Dal 1985, il 24% delle coste globali è stato eroso: il peso dell’estrazione della sabbia

L’estrazione incontrollata della sabbia sta accelerando l’erosione delle coste e minacciando gli ecosistemi marini.

L’eterna lotta tra progresso umano e difesa della natura si gioca anche su terreni inaspettati. O meglio, su spiagge e fondali marini. La sabbia, risorsa che diamo quasi per scontata, è in realtà uno dei materiali più sfruttati al mondo. Serve ovunque: per costruire palazzi, strade, vetro e persino i dispositivi elettronici che usiamo ogni giorno. Ed è proprio questa richiesta continua che sta mettendo in difficoltà gli ecosistemi costieri.

Eppure, quando si parla di risorse naturali a rischio, raramente si nomina la sabbia. Si discute molto di combustibili fossili, minerali rari o deforestazione, ma il prelievo massiccio di sabbia, soprattutto negli ambienti marini, passa quasi inosservato. Questo nonostante sia la seconda attività umana più impattante sulle coste, subito dopo la pesca. Il problema? Non ci sono abbastanza regole per controllarla, e spesso viene estratta senza pensare alle conseguenze.

Ma gli effetti ci sono, e sono devastanti. Dragare la sabbia dal fondo del mare significa sconvolgere interi habitat. Praterie di posidonia, fondamentali per l’ossigenazione delle acque e per molte specie marine, vengono distrutte. I coralli soffocano per le particelle sollevate dal dragaggio. L’acqua diventa torbida, confondendo pesci e altre creature che dipendono dalla luce per orientarsi o cacciare. In poche parole, si crea un caos ecologico.

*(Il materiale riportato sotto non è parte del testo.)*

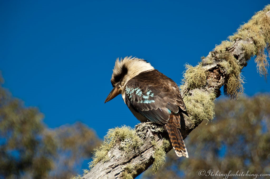 Note: We stayed at the Bellingen Showgrounds a while back. I wanted to practise my ukulele and Woody insisted that I go over to the Poultry Pavilion. At least I had an audience, one butcher bird with an unusual taste in music.

E non è tutto. L’estrazione della sabbia è uno dei fattori che peggiorano l’erosione costiera. Normalmente, le spiagge si rigenerano grazie ai sedimenti trasportati dalle correnti. Ma se questa sabbia viene prelevata e usata per costruire grattacieli, il meccanismo naturale si rompe. Così, le coste si riducono, diventano più fragili e meno capaci di resistere all’innalzamento del mare e alle tempeste sempre più frequenti.

Il problema nascosto della sabbia

Uno studio pubblicato su One Earth ha acceso i riflettori su questa crisi silenziosa. Secondo i ricercatori, tra cui Aurora Torres dell’Università di Alicante e Jianguo Liu della Michigan State University, la sabbia è il materiale più estratto al mondo, eppure quasi nessuno ne parla. Ma i dati sono chiari: dal 1985, il 24% delle coste mondiali è stato eroso, un fenomeno direttamente collegato al prelievo incontrollato di sabbia.

Per affrontare il problema, gli scienziati propongono di rendere più visibili gli impatti dell’estrazione, raccogliendo più dati, migliorando le normative e inserendo il tema nelle politiche ambientali globali. La sabbia non è solo un bene da sfruttare, ma una risorsa essenziale per proteggere gli ecosistemi costieri. Serve la stessa attenzione che oggi viene data a settori come la pesca o il turismo, prima che i danni diventino irreversibili.

Erosione costiera (Depositphotos foto) – www.marinecue.it

Un’emergenza sottovalutata

Nonostante gli allarmi lanciati dalla comunità scientifica, l’estrazione della sabbia continua a essere un problema poco considerato nelle politiche ambientali globali. I governi e le industrie spesso la vedono come una risorsa inesauribile, ignorando il fatto che la sua rimozione indiscriminata sta modificando interi ecosistemi e accelerando fenomeni già critici come l’erosione costiera. La questione diventa ancora più urgente se si pensa all’impatto che tutto ciò avrà sulle comunità costiere, sempre più esposte ai rischi di inondazioni e perdite di territorio.

Gli esperti avvertono che la soluzione non può essere rimandata. Serve una gestione più responsabile delle risorse sabbiose, regolamentazioni più severe e una maggiore consapevolezza del ruolo cruciale che la sabbia svolge nel mantenimento degli ecosistemi marini. Se non si interviene in tempo, il costo da pagare sarà altissimo, non solo per l’ambiente, ma anche per le economie e le società che dipendono da queste aree vulnerabili.